Released in hardcover in 1995, The Christmas Box became the first book to simultaneously reach the number-one position on the New York Times bestseller list for both paperback and hardcover editions. That same year, the book was made into a television movie of the same title, starring Richard Thomas and Maureen O'Hara.

Evans has subsequently written 36 nationally best-selling books, including some for children, with conservative Christian themes and appealing to family values. His 1996 book Timepiece was made into a television movie featuring Naomi Watts, James Earl Jones, and Ellen Burstyn, as were The Locket (1998), which starred Vanessa Redgrave; A Perfect Day (2006), which starred Rob Lowe and Christopher Lloyd; The Mistletoe Promise (2016), which starred Jaime King and Luke Macfarlane; and The Mistletoe Inn (2017), which starred Alicia Witt and David Alpay.

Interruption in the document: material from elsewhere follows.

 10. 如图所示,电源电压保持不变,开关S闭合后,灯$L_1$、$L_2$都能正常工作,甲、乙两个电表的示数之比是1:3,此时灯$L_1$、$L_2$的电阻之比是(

In the spring of 1997, Evans founded Christmas Box House International, an organization devoted to building shelters and providing services for abused and neglected children. As of 2017, more than 35,000 children had been served by Christmas Box House facilities.

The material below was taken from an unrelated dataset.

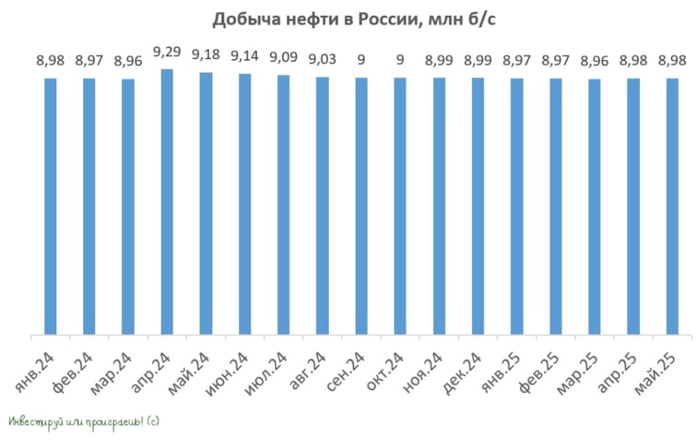🛢 ОПЕК+ в последнее время чуть ли не каждый месяц объявляет о планах по увеличению добычи нефти, что заставляет нервничать инвесторов, из-за опасений снижения нефтяных цен на этом фоне. Предлагаю вместе с вами попытаться разобраться, насколько реальная добыча отличается от заявленных целей, опираясь на свежие данные майского отчета ОПЕК. Итак, как вы можете помнить, в начале апреля состоялась встреча членов альянса ОПЕК+, на которой было принято решение повысить добычу сырой нефти на 411 тыс. б/с в мае. Однако в реальности прирост составил лишь половину от заявленного - 202 тыс. б/с. Из которых на Россию пришлось всего +3 тыс. б/с, в результате чего наша страна незначительно нарастила объём добычи до 8,98 млн б/с. - данный уровень оказался на 2% ниже, чем за аналогичный период предыдущего года: В июне запланировано ещё одно повышение добычи нефти, снова на 411 тыс. б/с, однако, скорее всего, фактические результаты снова не совпадут с планами. Страны-инициаторы роста нефтедобычи, такие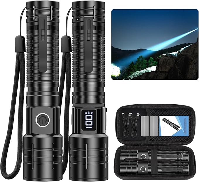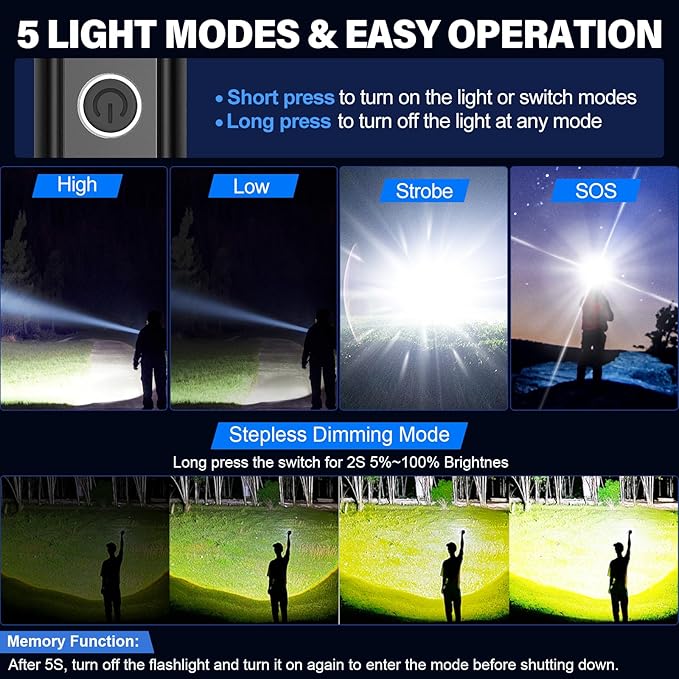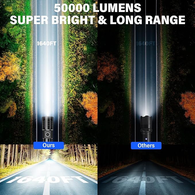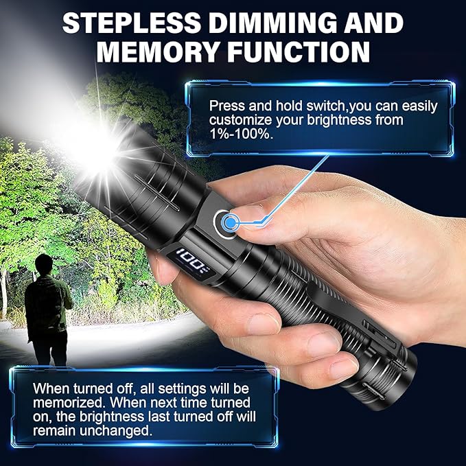 - Super Bright Flashlight & Memory Function: Delivering up to 100000 lumens, this brightest flashlight can illuminate distances up to 1640 feet. The memory function automatically restores the last used mode, ensuring convenience in repeated use. high lumens flashlights perfect for outdoor adventures, emergencies

Evans, a member of the Church of Jesus Christ of Latter-day Saints, lives in Salt Lake City, Utah with his wife Keri, five children, and one grandson.

He founded the group "Tribe of Kyngs" to combat feelings of isolation among men and the belief that "masculinity is no longer valued". Initiation into the group includes a coronation ceremony.

==Bibliography==

===Non-fiction===
- The Christmas Box Miracle: My Spiritual Journey of Destiny, Healing, and Hope (2001)
- The Five Lessons a Millionaire Taught Me: About Life and Wealth (2004)
- The Five Lessons a Millionaire Taught Me for Women (2009)
- The Four Doors (2014)
- Sharing Too Much (2024)

===Series===
- The Christmas Box
  1. The Christmas Box (1995)
  2. Timepiece (1996)
  3. The Letter (1996)
- The Locket
  1. The Locket (1998)
  2. The Looking Glass (1999)
  3. The Carousel (2001)
- The Walk
  1. The Walk (2009)
  2. Miles to Go (2011)
  3. The Road To Grace (2012)
  4. A Step of Faith (2013)
  5. Walking on Water (2014)
- The Broken Road
  1. The Broken Road (2017)
  2. The Forgotten Road (2018)
  3. The Road Home (2019)
- Michael Vey
  1. Michael Vey: The Prisoner of Cell 25 (2011)
  2. Michael Vey: Rise of the Elgen (2012)
  3. Michael Vey: Battle of the Ampere (2013)
  4. Michael Vey: Hunt for Jade Dragon (2014)
  5. Michael Vey: Storm of Lightning (2015)
  6. Michael Vey: Fall of Hades (2016)
  7. Michael Vey: The Final Spark (2017)
  8. Michael Vey: The Parasite (2022)
  9. Michael Vey: The Traitor (2023)
  10. Michael Vey: The Colony (2024)

===Novels===
- Christmas Every Day, adapted from the William Dean Howells short story (1996)
- The First Gift of Christmas (1996)
- The Last Promise (2002)
- A Perfect Day (2003)
- The Sunflower (2005)
- Finding Noel (2006)
- The Gift (2007)
- Grace (2008), re-released as If Only (2015)
- The Christmas List (2009)
- Promise Me (2010)
- Lost December (2011)
- A Winter Dream (2012)
- The Mistletoe Promise (2014)
- The Mistletoe Inn (2015)
- The Mistletoe Secret (2016)
- The Noel Diary (2017)
- The Noel Stranger (2018)
- The Noel Street (2019)
- The Noel Letters (2020)
- The Christmas Promise (2021)
- A Christmas Memory (2022)

===Children's books===
- The Christmas Candle (1998)
- The Dance (1999)
- The Spyglass: A Book About Faith (2000)
- The Tower (2001)
- The Light of Christmas (2002)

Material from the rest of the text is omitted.